Below, locate the line that contains "The application of". Repeat exactly from that line to the line that contains "使用 Surfshark 在 PC 上玩《火箭联盟》需要几分钟。", inclusive, leaving out the pictures.

TASK INPUTS:
____________________

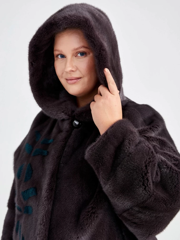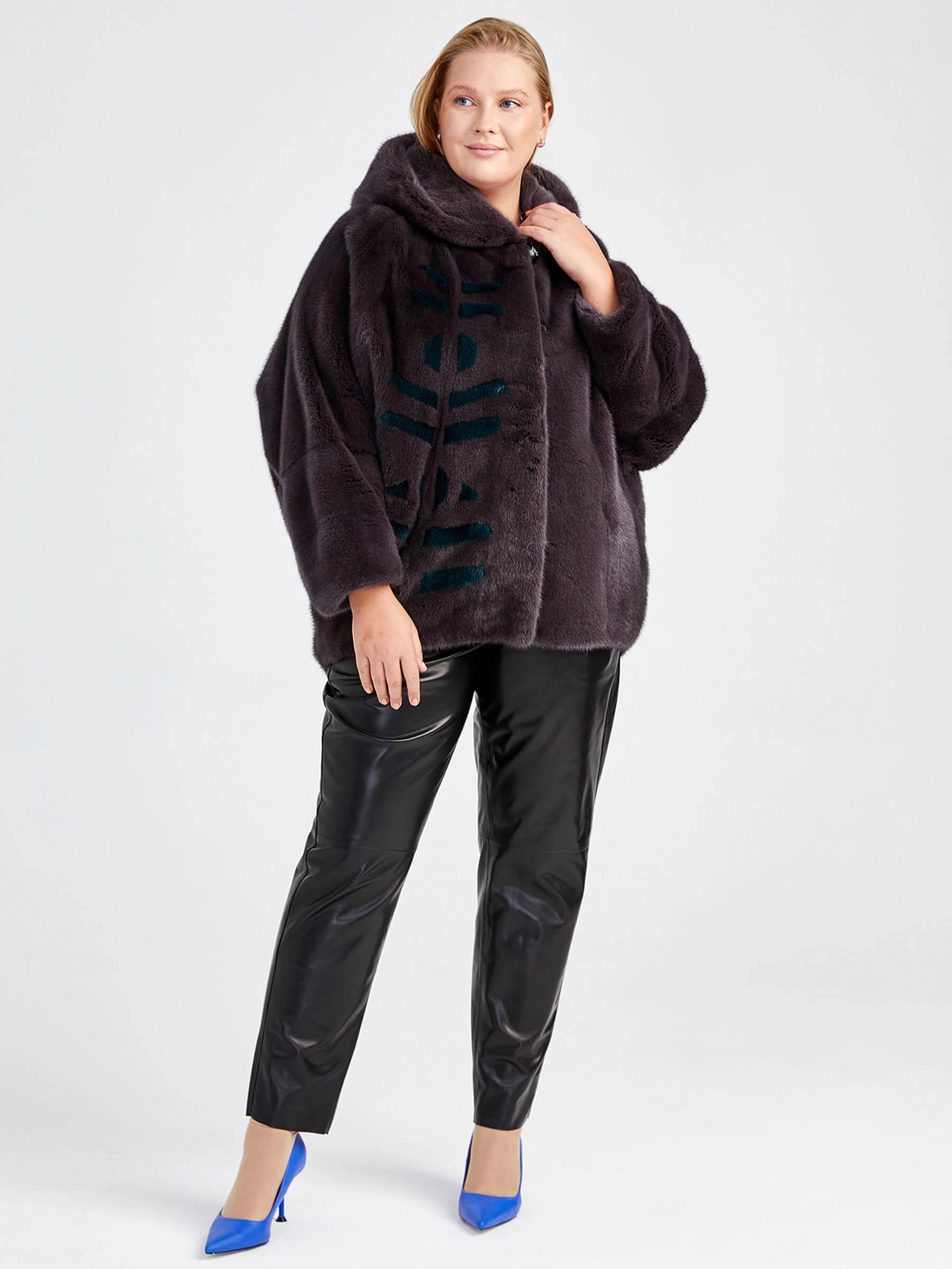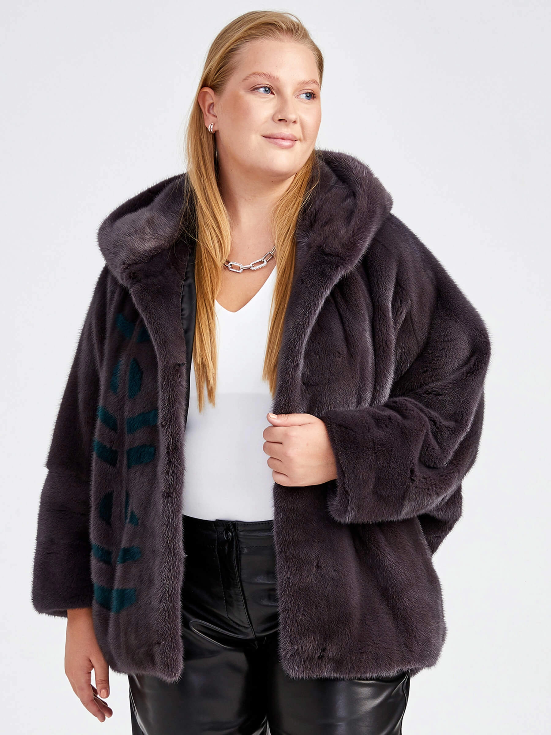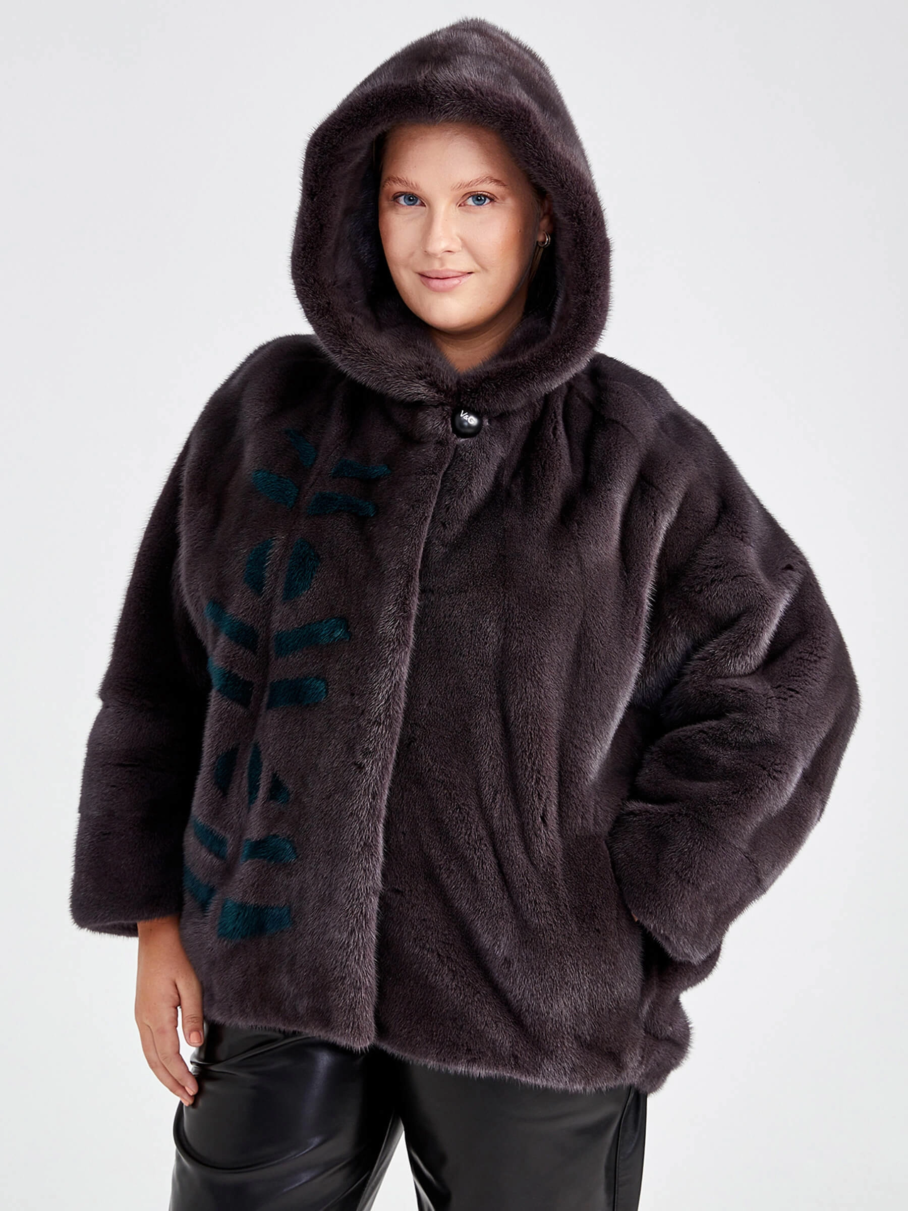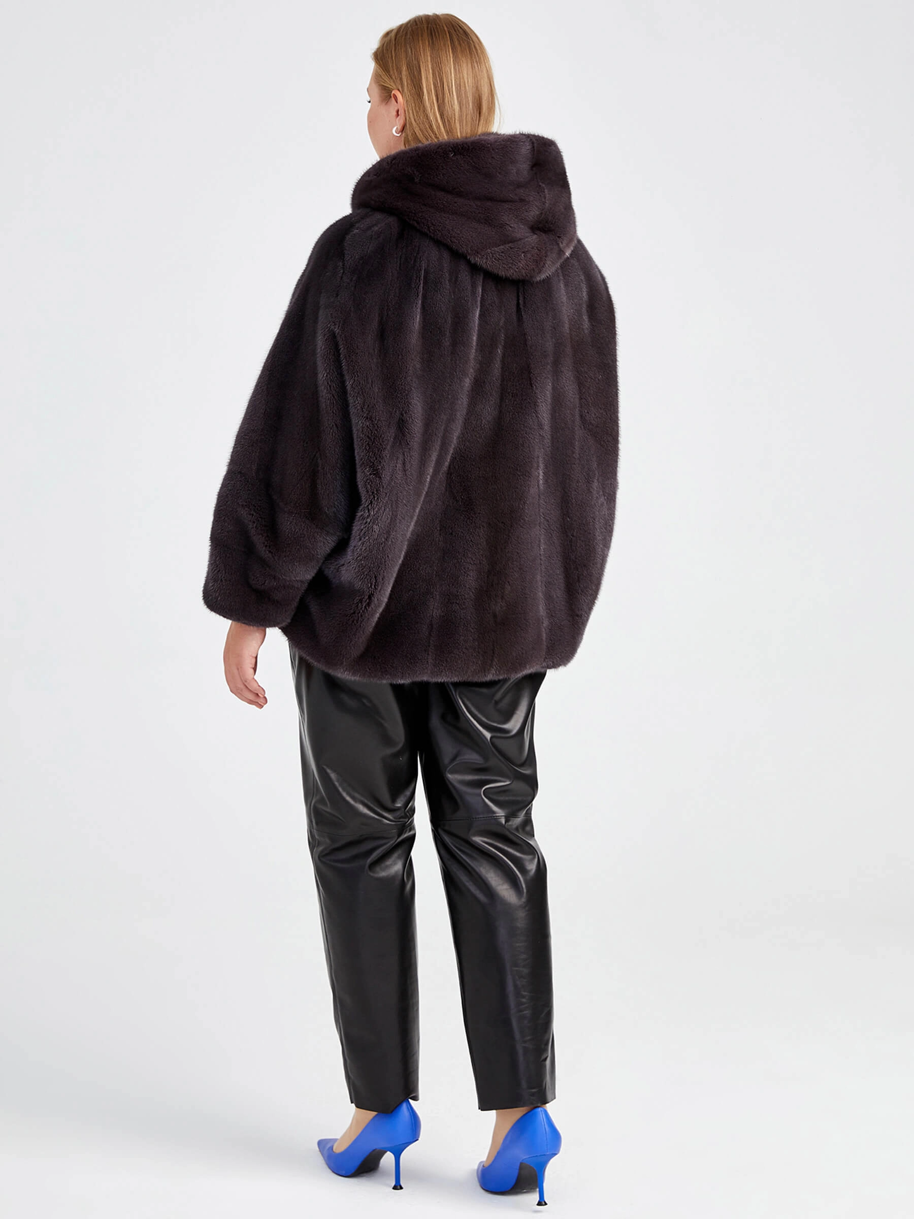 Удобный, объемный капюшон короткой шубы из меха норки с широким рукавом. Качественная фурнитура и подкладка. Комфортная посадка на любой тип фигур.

____________________

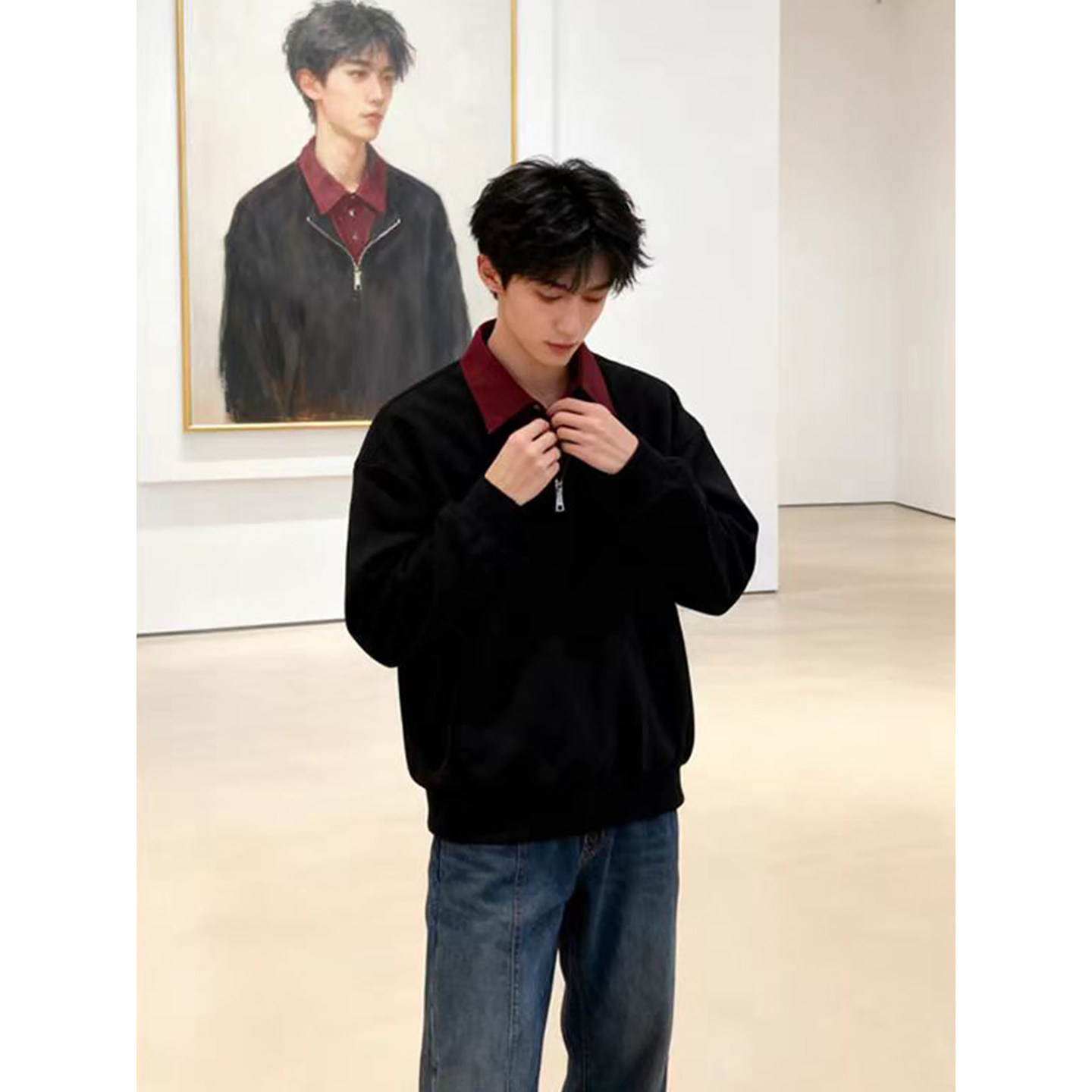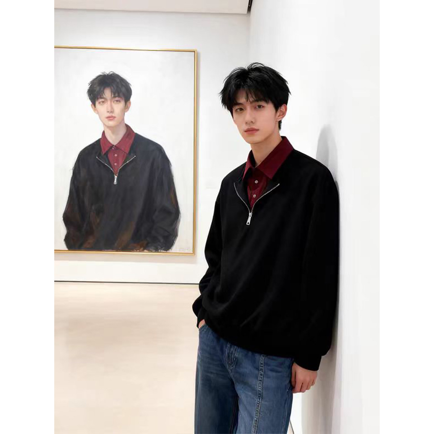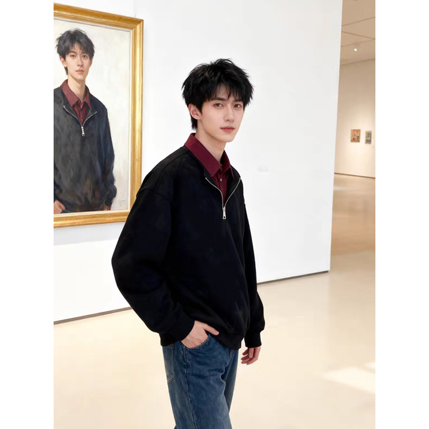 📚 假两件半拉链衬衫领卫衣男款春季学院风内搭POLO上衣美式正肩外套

____________________

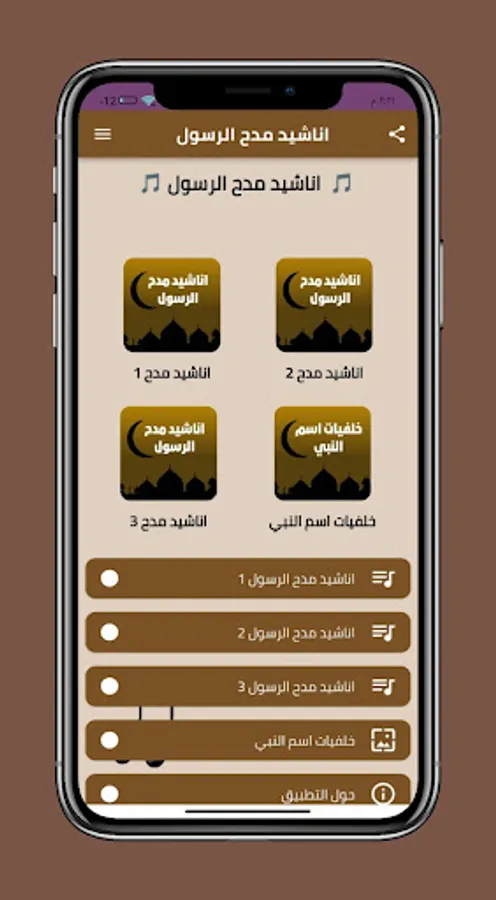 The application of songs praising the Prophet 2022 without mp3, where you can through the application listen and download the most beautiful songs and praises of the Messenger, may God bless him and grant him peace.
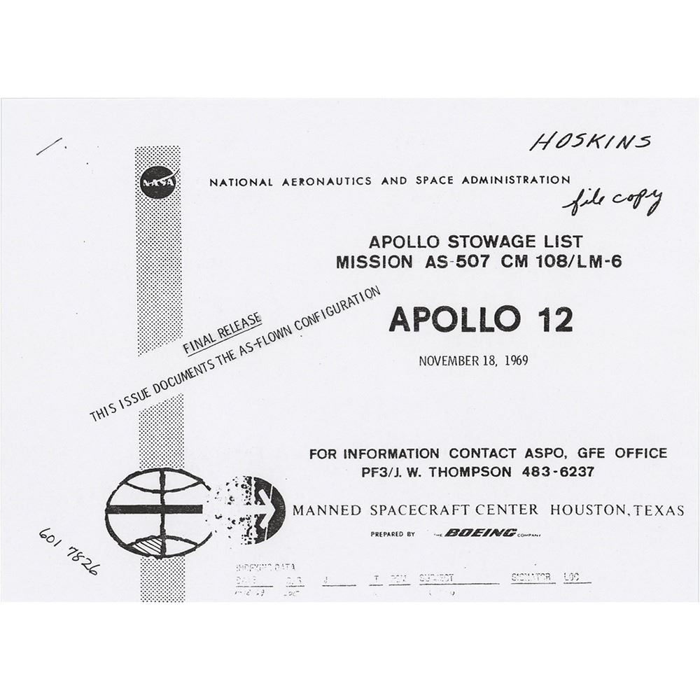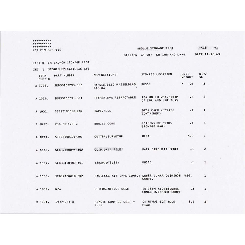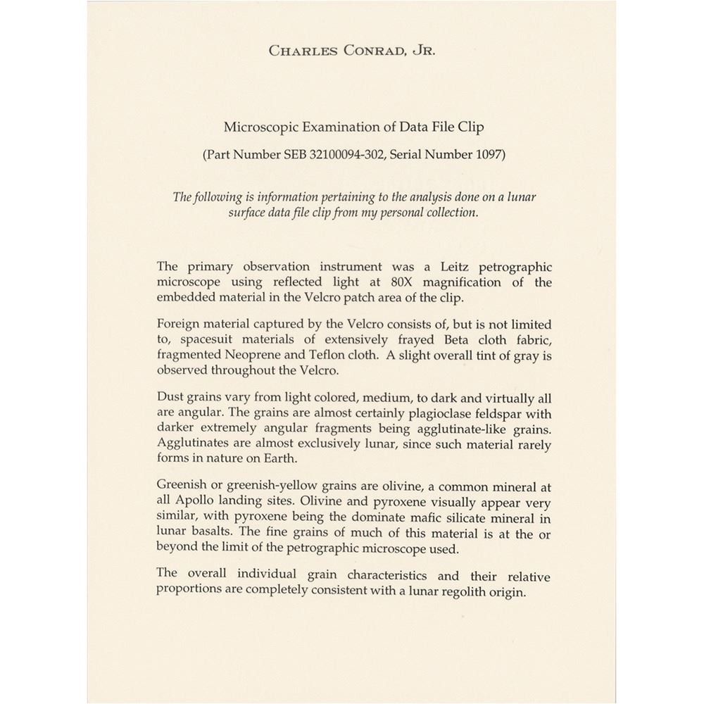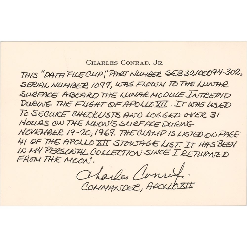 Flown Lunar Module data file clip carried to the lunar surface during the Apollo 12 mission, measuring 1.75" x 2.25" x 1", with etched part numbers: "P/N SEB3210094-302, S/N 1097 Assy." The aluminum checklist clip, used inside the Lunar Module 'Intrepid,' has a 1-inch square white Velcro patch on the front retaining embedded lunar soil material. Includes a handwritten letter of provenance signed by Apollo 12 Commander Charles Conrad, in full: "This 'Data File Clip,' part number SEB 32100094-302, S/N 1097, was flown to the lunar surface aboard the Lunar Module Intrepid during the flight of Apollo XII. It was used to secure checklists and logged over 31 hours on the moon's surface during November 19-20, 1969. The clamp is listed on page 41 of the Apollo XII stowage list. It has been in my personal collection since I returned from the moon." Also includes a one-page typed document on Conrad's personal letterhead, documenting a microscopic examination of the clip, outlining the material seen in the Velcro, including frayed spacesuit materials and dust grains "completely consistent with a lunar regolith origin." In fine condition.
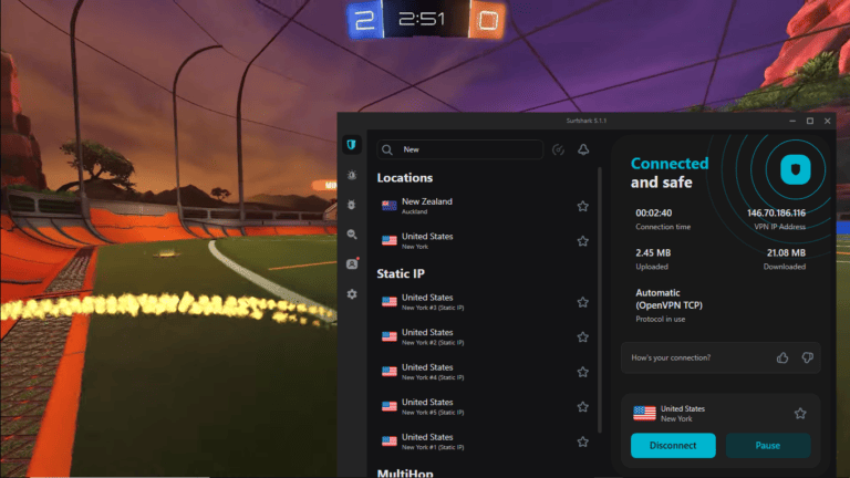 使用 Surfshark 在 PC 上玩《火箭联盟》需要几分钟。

____________________

RESULT:
 The application of songs praising the Prophet 2022 without mp3, where you can through the application listen and download the most beautiful songs and praises of the Messenger, may God bless him and grant him peace.
 Flown Lunar Module data file clip carried to the lunar surface during the Apollo 12 mission, measuring 1.75" x 2.25" x 1", with etched part numbers: "P/N SEB3210094-302, S/N 1097 Assy." The aluminum checklist clip, used inside the Lunar Module 'Intrepid,' has a 1-inch square white Velcro patch on the front retaining embedded lunar soil material. Includes a handwritten letter of provenance signed by Apollo 12 Commander Charles Conrad, in full: "This 'Data File Clip,' part number SEB 32100094-302, S/N 1097, was flown to the lunar surface aboard the Lunar Module Intrepid during the flight of Apollo XII. It was used to secure checklists and logged over 31 hours on the moon's surface during November 19-20, 1969. The clamp is listed on page 41 of the Apollo XII stowage list. It has been in my personal collection since I returned from the moon." Also includes a one-page typed document on Conrad's personal letterhead, documenting a microscopic examination of the clip, outlining the material seen in the Velcro, including frayed spacesuit materials and dust grains "completely consistent with a lunar regolith origin." In fine condition.
 使用 Surfshark 在 PC 上玩《火箭联盟》需要几分钟。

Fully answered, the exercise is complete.